Wir haben eine Datenbank wo verschieden lieferanten (filialen) darin stehen, wenn jetzt ein Kunde unsere Webseite besucht und möchte z.b. sein standort eingeben mit einem umkreis von c.a 5 km, jetzt sollte auf  google maps dann die lieferanten oder filialen in der nähe anzeigen mit mehreren markern angezeigt werden.

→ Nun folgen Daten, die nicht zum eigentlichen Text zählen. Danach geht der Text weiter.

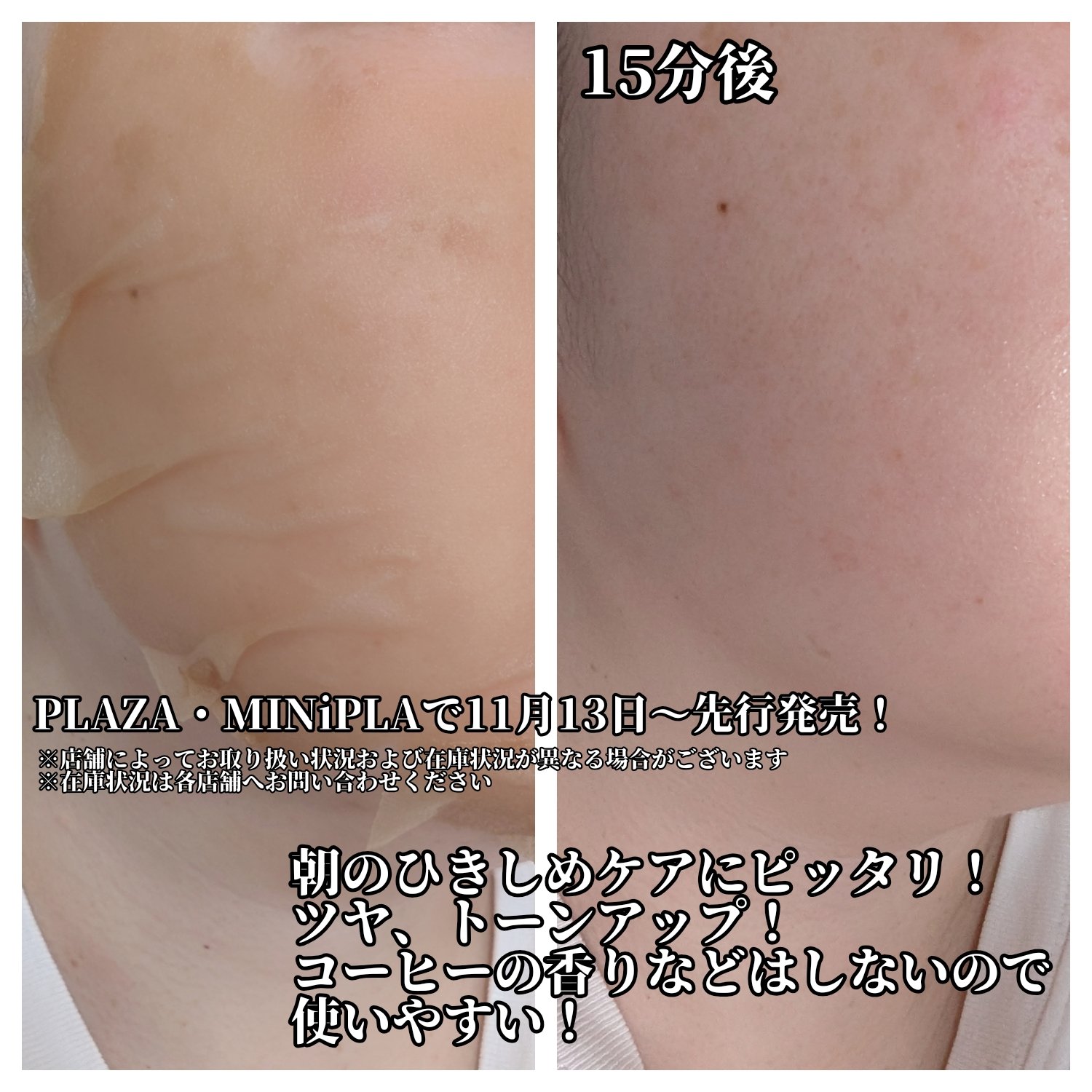 - カフェイン※1 配合で、肌を引き締め、すっきりとした印象へ導く。 グルタチオン※1 と ナイアシンアミド※1 が光彩感※2をプラスし、乾燥くすみが気になる肌にも明るい※2ツヤをプラス。 セラミド※3 を含む保湿成分が乾燥を防ぎ、しっとりとしたうるおいをキープ。 また、柔らかいシートが肌にやさしく密着し、朝晩問わず使いやすいテクスチャー。 ■こんな方におすすめ ・朝のメイク前に肌をすっきり整えたい方 ・夜のリラックスタイムに集中保湿ケアをしたい方 ・乾燥やくすみが気になる方 ※1:保湿成分 ※2:うるおいによる ※3:セラミドNP、セラミドAS、セラミドNS、セラミドAP、セラミドEOP(いずれも保湿) 2025年11月13日(木)より、全国PLAZA・MINiPLA※にて先行発売
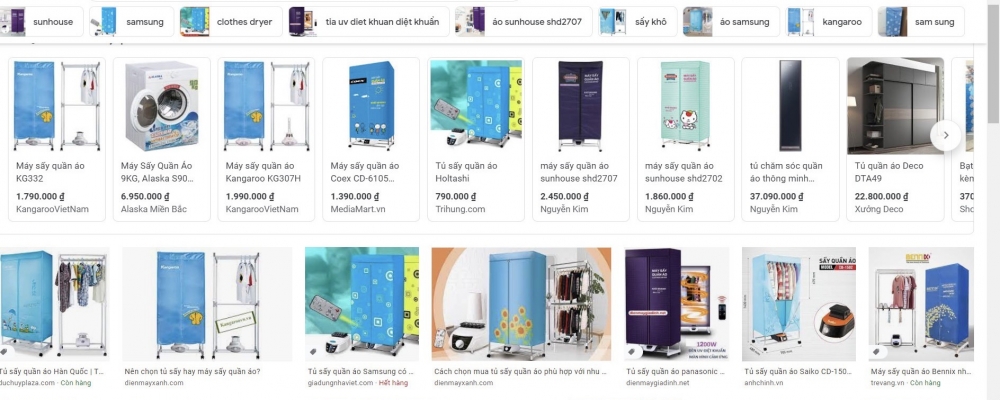 Khảo sát trên một số sàn thương mại điện tử, thị trường tủ sấy quần áo rất đa dạng, tương đối rẻ với mức giá dao động từ khoảng 600.000 đồng – 2 triệu đồng/chiếc. Cụ thể như máy sấy nhãn hiệu Sunhouse có giá khoảng 1,2 triệu đồng/chiếc; hiệu Kangaroo có giá khoảng 1,3 triệu đồng/chiếc…
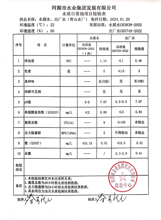 2024年1月20日水質(zhì)檢驗(yàn)報(bào)告 ???
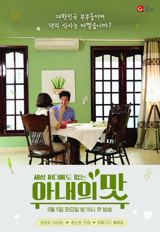 그런가 하면 ‘세상 어디에도 없는, 아내의 맛’은 정준호, 이하정 부부의 다정함이 묻어나는 메인포스터를 첫 공개했다. 파릇파릇 초록색 벽지가 싱그러움을 돋우는 가운데, 따스한 조명을 배경으로 클래식한 디자인의 식탁에 나란히 앉아 웃음을 터트리는 정준호와 이하정의 모습이 담긴 것. ‘행복함’이 묻어나는 두 사람의 식사 장면과 함께 “대한민국 부부들이여 댁의 식사는 어떻습니까?”라는 문구가 내걸리면서 대한민국을 대표하는 셀럽 부부들의 리얼한 주방이야기에 대한 기대감을 증폭시키고 있다.

Funktioniert das, wenn ja wie?



Vielen Dank im voraus


----------



## dwex (27. Mai 2009)

Schaue dir mal die Klasse unter http://www.ajax-info.de/google-maps-api-klasse-in-php genauer an.
Eine gute Beschreibung der Funktionen findest du unter http://gmapper.ajax-info.de/phpdoc/docbuilder/out/Gmapper/gmap.html

Über eine positive Bewertung meines Beitrags würde ich mich sehr freuen.


----------



## asupp (27. Mai 2009)

Hallo dwex,

danke für die schnelle Antwort.
Dennoch habe ich bei diesem tool dann das Problem,
wie bekomme ich das hin wenn ich jetzt z.B. München als standort eingebe mit umkreis von 5 km die Filialen anzeigen lassen möchte?
Die Daten liegen ja in unsere Datenbank...


----------



## dwex (27. Mai 2009)

Du musst die mathematischen Funktionen der Umkreisberechnung auf einer Kugel anwenden.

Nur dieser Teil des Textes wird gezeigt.